Faith Goldy

Faith Goldy

December 29, 2014

Religious issues are central to our times, especially in a world that is increasingly "faithphobic," says Catholic journalist Faith Goldy.

Goldy, a Sun TV news reporter, delivered the keynote address to the Catholic Civil Rights League's annual general meeting in Toronto on Dec. 9.

She focused on three main issues: Ontario's sex education curriculum for school children, Liberal leader Justin Trudeau's pro-choice party mandate on abortion and the possibility of legal euthanasia in Canada.

In 2015, Premier Kathleen Wynne and Education Minister Liz Sandals plan to re-introduce changes in Ontario's sex education curriculum for elementary and high school students.

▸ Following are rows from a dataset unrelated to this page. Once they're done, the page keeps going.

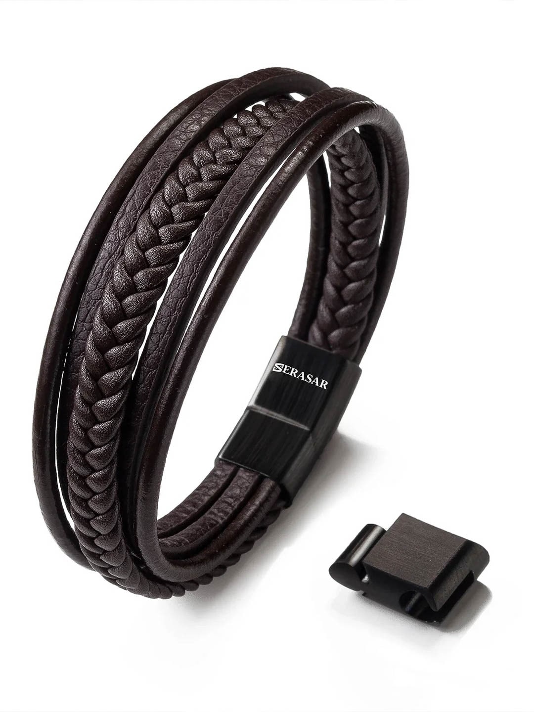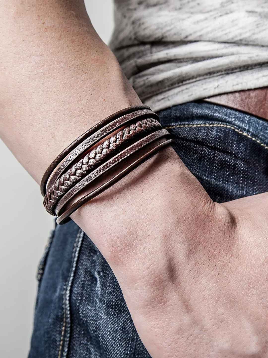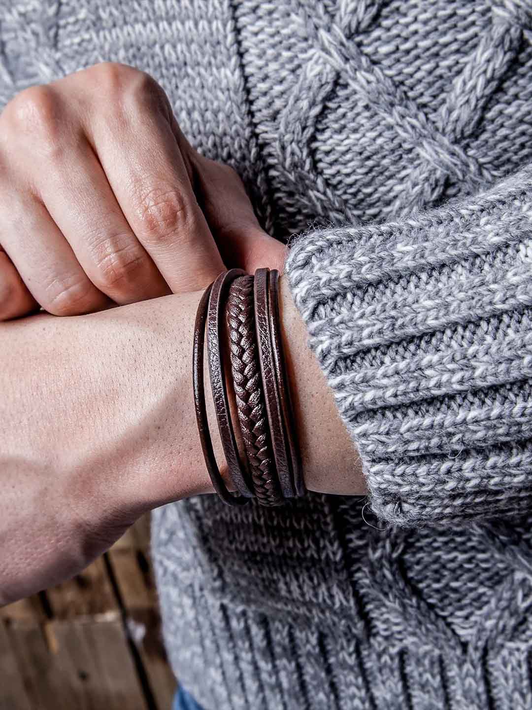 Stylowa bransoletka z naturalnej, plecionej skóry, która nadaje nowoczesny charakter. Polerowane magnetyczne zapięcie ze stali nierdzewnej ułatwia zakładanie i zdejmowanie, jednocześnie trzymając bransoletkę stabilnie przez cały dzień. Dołączona przedłużka umożliwia regulację długości – idealne rozwiązanie, jeśli chcesz trochę więcej luzu lub nie jesteś pewien rozmiaru. Ponadczasowy dodatek pasujący do każdej stylizacji.
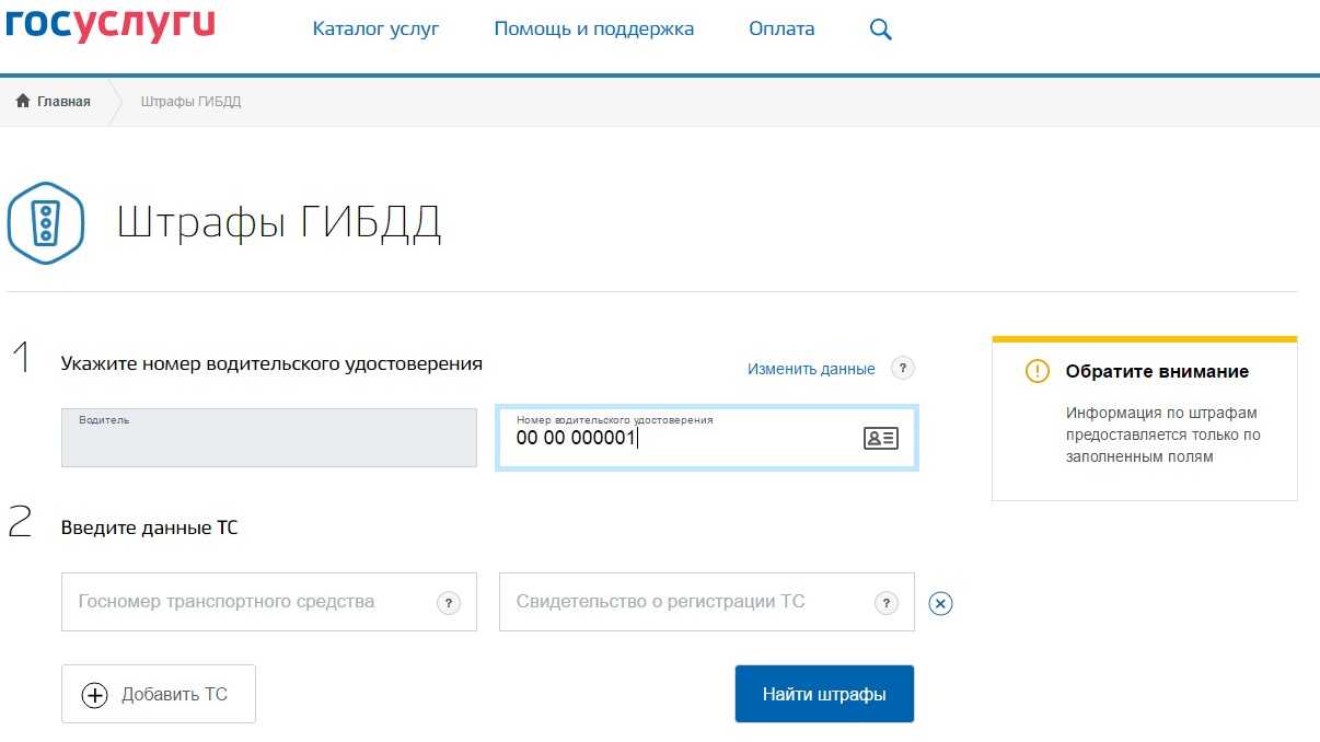 Для уплаты автомобильных и дорожных штрафов автолюбителю потребуется перейти в соответствующий блок портала. После введения сведений из удостоверения водителя и свидетельства о госрегистрации ТС пользователь сможет получить информацию об имеющихся штрафах и погасить их.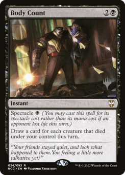 Spectacle {B} (You may cast this spell for its spectacle cost rather than its mana cost if an opponent lost life this turn.) Draw a card for each creature that died under your control this turn.
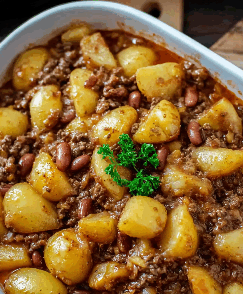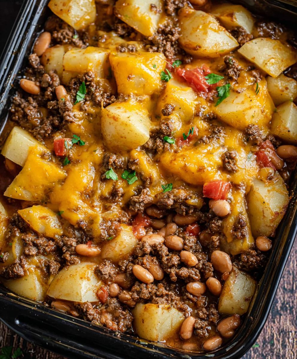 Cheesy Cowboy Potato Beef Casserole slow-cooks beef, beans, tomatoes, and potatoes under melty cheese for hearty, hands-off comfort every time.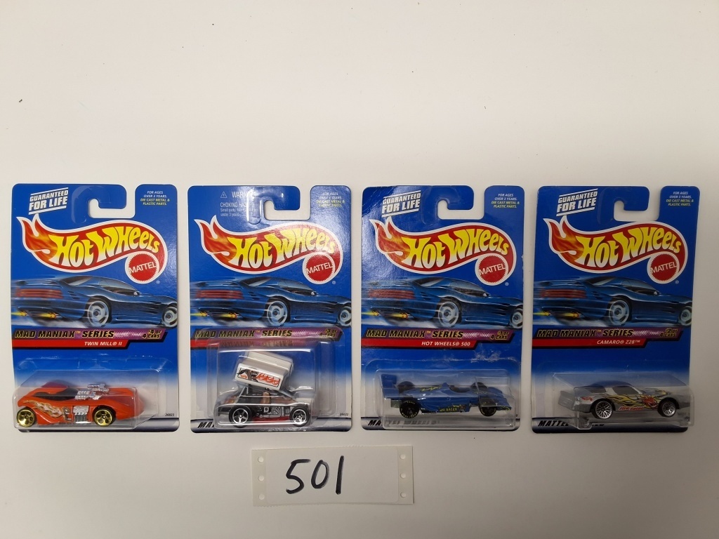 SET 1-4: HOT WHEELS 500 – CAMARO Z28 – SLIDEOUT – TWIN MILL II – NIB – SHOWS SOME WEAR AND TEAR FROM STORAGE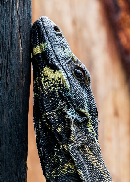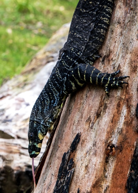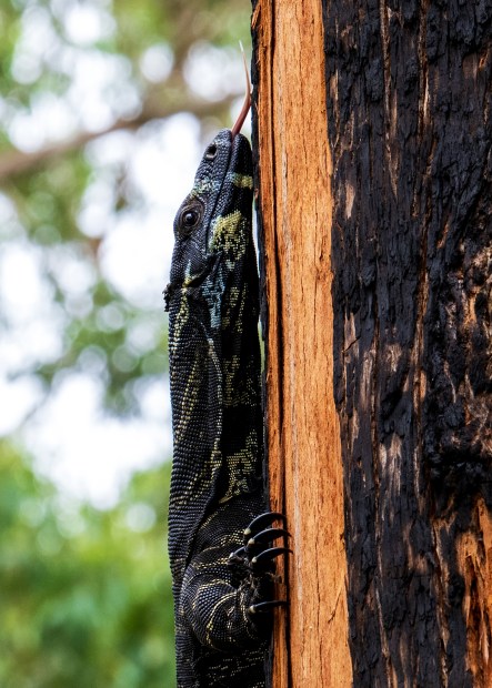 This series of four images captures the presence and resilience of goannas living in Gippsland’s bushland after fire. From the close detail of a watchful eye to the power of claws and the flick of a tongue, each photo reveals a different perspective of these reptiles in motion. Framed against both fresh and burnt bark, the images highlight the contrast of renewal and survival, telling a story of wildlife enduring within a scarred yet recovering landscape.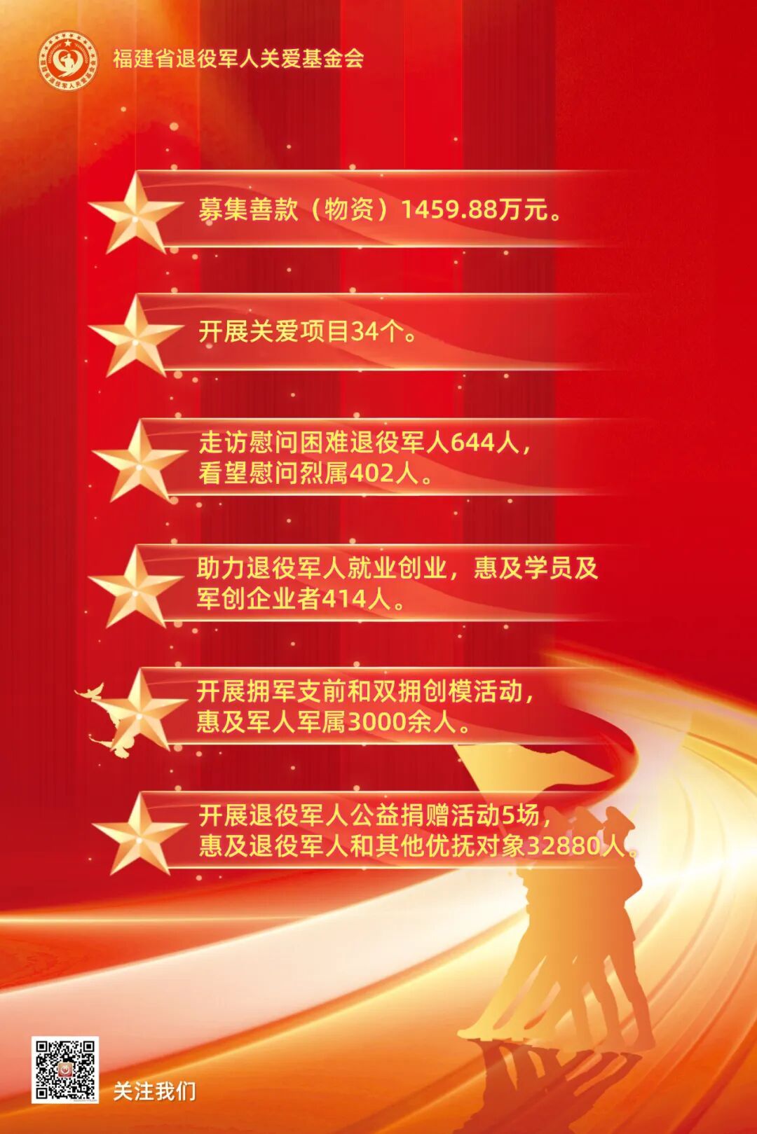 一个个关爱项目落地见效,一场场关爱活动成功举行,一次次慈善捐赠爱心行动,一张张温情瞬间映入眼前,见证了关爱行动温暖时刻,汇聚着社会各界的涓涓爱心。 爱始于心,善始于行。2023年9月20日,在省退役军人事务厅党组精心指导下,福建省退役军人关爱基金会正式成立,2年来,基金会始终不忘初心使命,凝聚爱心力量,传递党和政府的关怀,传送企业和社会组织的爱心,让退役军人和其他优抚对象获得感、荣誉感、幸福感成色更足,有力有效推动我省退役军人服务保障工作高质量发展。 基金会成立以来,始终秉持“服务宗旨、尊崇关爱”的理念,致力于搭建政府与退役军人之间的桥梁,在解困帮扶、助力就业创业、拥军支前、思政引领、宣传研讨等项目方面探索实践,着力解决退役军人和其他优抚对象急难愁盼问题。
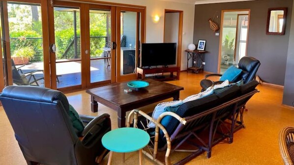 Kookaburra Dreaming ligger i blant innfødte trær og busker, og er et fristed i n��rheten av stranden. Et paradis for fugler og mennesker, det er oppkalt etter den utvidede familien av Kookaburras som bor i trærne og vil komme og bli matet hvis du velger. Med alle moderne innretninger har dette enkle huset alt du trenger for din egen drøm, i et gjemmested fra hverdagen. Orion Beach, koblet til alle de andre strendene, ligger en kort spasertur (400 m) unna, eller døs og les på det romslige dekket.

Goldy questioned the development of their plan, specifically how similar it will be to the 2010 plan introduced by former Premier Dalton McGuinty, which was pulled because of public outcry.


That curriculum, Goldy said, would have taught age-inappropriate "graphic lessons," among other key changes in the curriculum that upset the secular and faith communities.

Goldy said parental consultation on the new curriculum is insufficient, with input being sought from one parent from each school across the province.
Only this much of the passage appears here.